Один из наших соседей тихо сказал другому: «И откуда они таких Гегелей набрали?» Да все оттуда же — от станка. Такие люди повсюду имеются. Только как им проявить себя при индивидуальной сдельщине? Бригадный подряд, развитие производственной демократии поднимают и воспитывают этих рабочих-интеллигентов. * * *

Опадали листки календаря, желтые и оранжевые кроны деревьев на заводском дворе турбинистов покрылись белыми шубами. Новый год отпраздновали торжественно. А потом произошло событие, которого все на КТЗ давно ждали: Центральное телевидение показало полнометражный фильм «Калужский вариант». Те, кто читал о Пруссе, Пряхине, Северине, Чернове, Федулове, Волкове, Пранове, Бибе и других турбинистах, смогли увидеть их воочию. И какое же впечатление они произвели?
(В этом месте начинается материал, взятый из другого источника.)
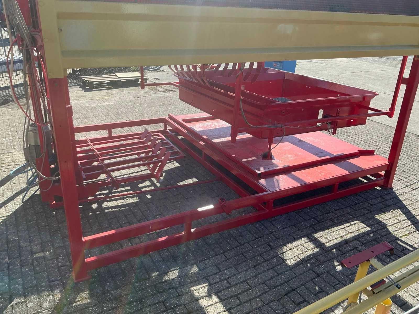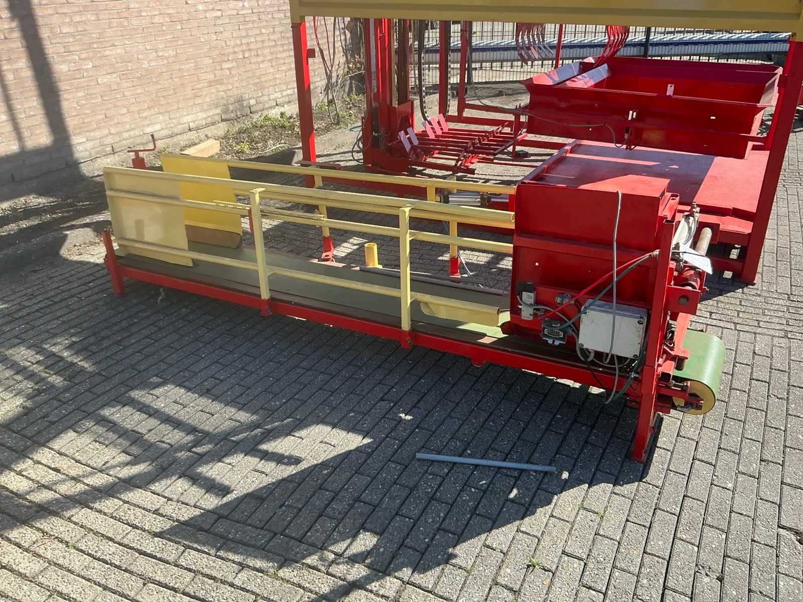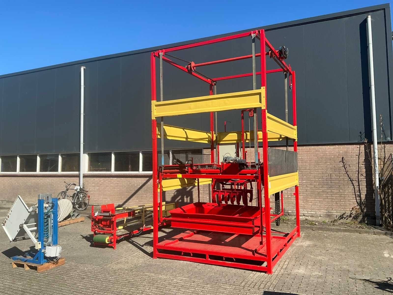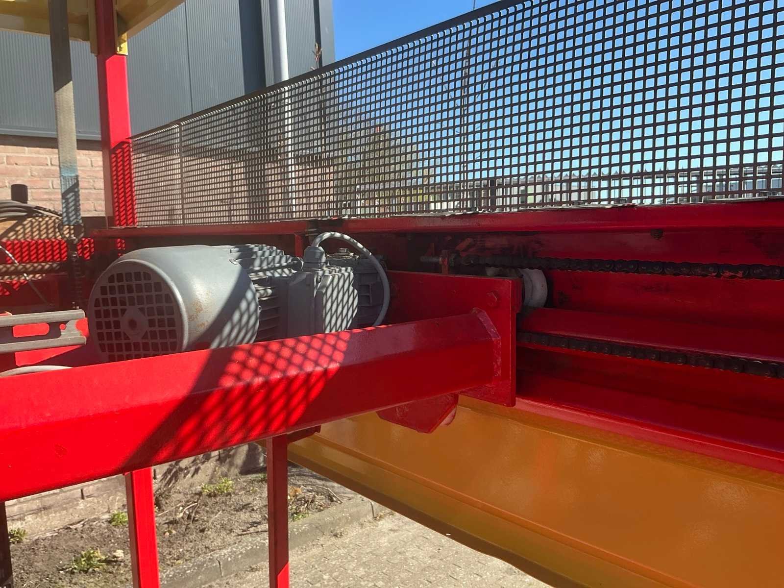 Voorzien van onder andere: lepelkokers, en invoerband. Lengte: 3000mm, breedte band: 350mm Merk: Wibo Type: 6 Aansluiting: 400V Totale afmeting L: 3150mm Totale afmeting Breedte: 3000mm Totale afmeting Hoogte: 4050mm

«Говорят люди уверенно, ладно, держатся спокойно, естественно. Это от убежденности в правоте своего дела...» (Известия, 1981, 4 февраля)[10].

«Вот лишь трое из них. Быстрый в движениях, собранный, четкий бригадир инструментальщиков Валерий Волков. Неторопливый, рассудительный, даже, пожалуй, домашний председатель совета бригадиров токарь-расточник Виктор Чернов. Уверенный, крепкий бригадир карусельщиков Анатолий Петухов... И каждый — неформальный лидер, как здесь говорят, ссылаясь на социологические исследования. Мы и сами убеждаемся в этом, потому что наблюдаем на протяжении фильма за их поведением, слышим их речь.

Они единомышленники. Созерцателей или показушных передовиков на турбинном нет. Здесь все — и дела, и слова — замешано на искреннем желании наилучшим образом выполнить дело. Общее дело. Не твое, не мое, а именно общее». (Социалистическая индустрия, 1981, 28 января.)

«Заседание совета бригадиров при генеральном директоре. Рабочие, мастера, руководители предприятия — за одним столом: спорят, убеждают, доказывают, приходят к общему решению... «Если вопрос обсужден на совете бригадиров, — говорит генеральный директор объединения В. Пряхин, — его не надо контролировать. Он будет выполнен. Решение все приняли как собственное». Предмет разговора на совете бригадиров, казалось бы, сугубо производственный: обсуждение разных методик многостаночного обслуживания. Но зрителю интересно при этом присутствовать. Ибо в эпизоде раскрываются характеры людей. Увлеченные своим делом, они не обращают внимания на камеру. Сталкиваются мысли, идеи. Зритель погружен в атмосферу, наполненную духом творческого поиска.

События, происходящие в кадре, комментирует, анализирует, оценивает один из зачинателей калужского варианта, заместитель министра, в недавнем прошлом директор Калужского турбинного завода Л. Прусс... Он смотрит эпизоды картины по телевизору... Для Л. Прусса герои картины предстают в новых красках: «Я знал, что они хорошие производственники, творческие люди, но вот когда увидел здесь, на экране, как они разговаривают, — я их стал уважать еще больше» ...Мы как бы присутствуем на уроке — уроке хозяйственности, творческого отношения к жизни и работе». (Телевидение и радиовещание, 1981, № 5.)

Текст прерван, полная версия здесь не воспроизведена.